[RFC] Support Python in OS Scripting Service #17432

yuancu · 2025-02-24T10:04:14Z

Introduction

This RFC proposes adding Python 3 as a supported language in the OpenSearch Scripting Service, especially to comply Painless script which is now considered to be ‘painful’.

Python is widely recognized as a simple yet powerful language, especially within the data science community. By integrating Python, OpenSearch aims to broaden its appeal to users who rely on Python for data processing and analytical tasks.

Background & Motivation

OpenSearch currently supports several scripting languages, such as Painless, Mustache, and Expressions. While each has merits, they also come with learning curves that may be unfamiliar to Python users. Python’s ecosystem offers extensive data processing, machine learning, and analytical libraries. Enabling Python scripts within OpenSearch will reduce adoption barriers and empower a broader segment of the community to write custom logic for tasks such as scoring documents, executing specialized aggregations, and customizing ingestion pipelines.

Proposed Solution

Overview

The proposal is to implement a Python script plugin that integrates with the existing Scripting Service.

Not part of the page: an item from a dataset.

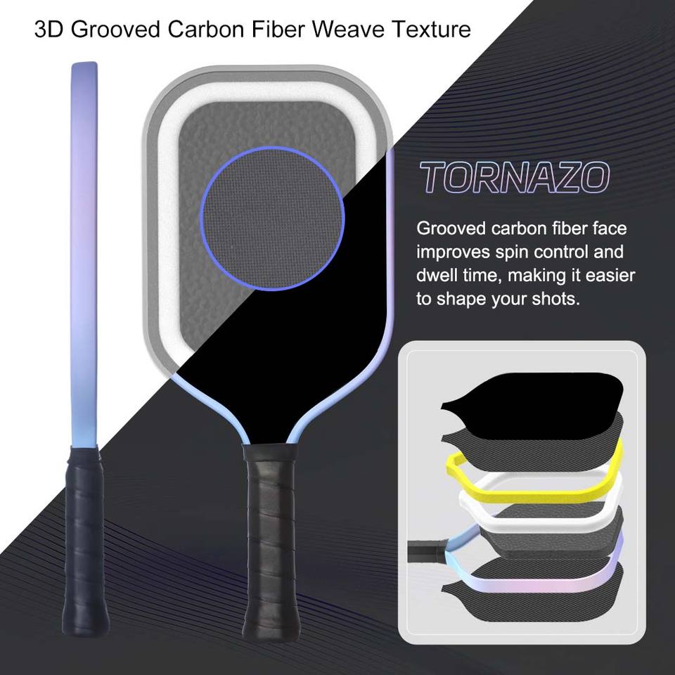Raquette de pickleball personnalisée en usine, forme standard, puissante, excellent contrôle, en fibre de carbone, amortie, pour le divertissement

This plugin will allow users to evaluate Python scripts at runtime under various contexts.

Below is a high-level flowchart illustrating how Python scripting will interact with the existing OpenSearch architecture:

flowchart LR
    A[Client] --"`{#quot;source#quot;: #quot;sum(doc['ratings'])#quot;,<br>#quot;lang#quot;: #quot;python#quot;}`" --> B("ScriptService<br>(Coordinating Node)")
    B -- Dispatch --> D(PythonScriptPlugin)
    D -- Compile &cache --> H(Shard Execution)
    H --> I("Aggregation<br>(Coordinating Node)")
    I -- Return results --> A

Implementation Approaches

We have identified two primary implementation strategies:

Parsing and Translating Python Code

The Python code could be parsed into an intermediate form (e.g. Calcite’s logical plan) that OpenSearch can convert into its native execution plan.
- Pros: The translation into native representation is under full control of maintainers, thus naturally brings a higher degree of predictability and enhanced security.
- Cons: This approach involves a more complex and extensive development effort. Obviously limited python capabilities can be implemented.
Direct Execution as Guest Language (GraalVM)

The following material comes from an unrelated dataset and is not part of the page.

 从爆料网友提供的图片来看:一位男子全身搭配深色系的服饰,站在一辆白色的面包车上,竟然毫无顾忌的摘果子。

Using GraalVM’s Polyglot APIs, Python code can run directly within the OpenSearch process, where a standalone python runtime is hosted inside the same JVM. This solution embeds Python as a guest language, enabling executions of custom Python scripts.
- Pros: Python’s full power is unleashed— users can leverage Python’s standard ad third-party packages, enabling more complex and more robust data processing. This approach is also more straightforward than implementing and maintaining a custom python language translator.
- Cons: Running a Python runtime inside JVM increases the attack surface and may introduce a resource overhead. Strong sandboxing and resource usage limits are critical.

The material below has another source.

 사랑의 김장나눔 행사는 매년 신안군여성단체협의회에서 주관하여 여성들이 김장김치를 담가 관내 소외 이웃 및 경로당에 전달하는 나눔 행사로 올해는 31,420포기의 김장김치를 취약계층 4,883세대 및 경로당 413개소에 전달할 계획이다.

A PoC has demonstrated the feasibility of the second approach with GraalVM.

Demo

Demo1: Custom Scoring with Python

This demo exemplifies how to calculate scores as an average of ratings using a Python script

Create an index called “books” and insert 3 books into it

POST /_bulk
{"create": {"_index": "books", "_id": 1}
{"name":"Beneath the Wheel", "ratings":[4,3,5]}
{"create": {"_index": "books", "_id": 2}}
{"name":"Faust", "ratings":[5,5,5]}
{"create": {"_index": "books", "_id": 3}}
{"name":"The Odyssey", "ratings":[2,1,5]}

Store a Python script called agg_ratings.
```
PUT /_scripts/agg_ratings
{
  "script": {
      "lang": "python",
      "source": "sum(doc['ratings']) / len(doc['ratings']) * params['factor']"
  }
}
```
The script takes the average of book ratings and multiply it by a factor, which will be passed from query parameters.

Execute the script under the score context. The score context runs a script as if the script were in a script_score function in a function_score query.

POST /books/_search
{
  "query": {
    "function_score": {
      "script_score": {
        "script": {
          "id": "agg_ratings",
          "params": {
            "factor": 2.0
          }
        }
      }
    }
  }
}

The params object specifies the factor as 2.0, which will scale the average ratings to a 0–10 range.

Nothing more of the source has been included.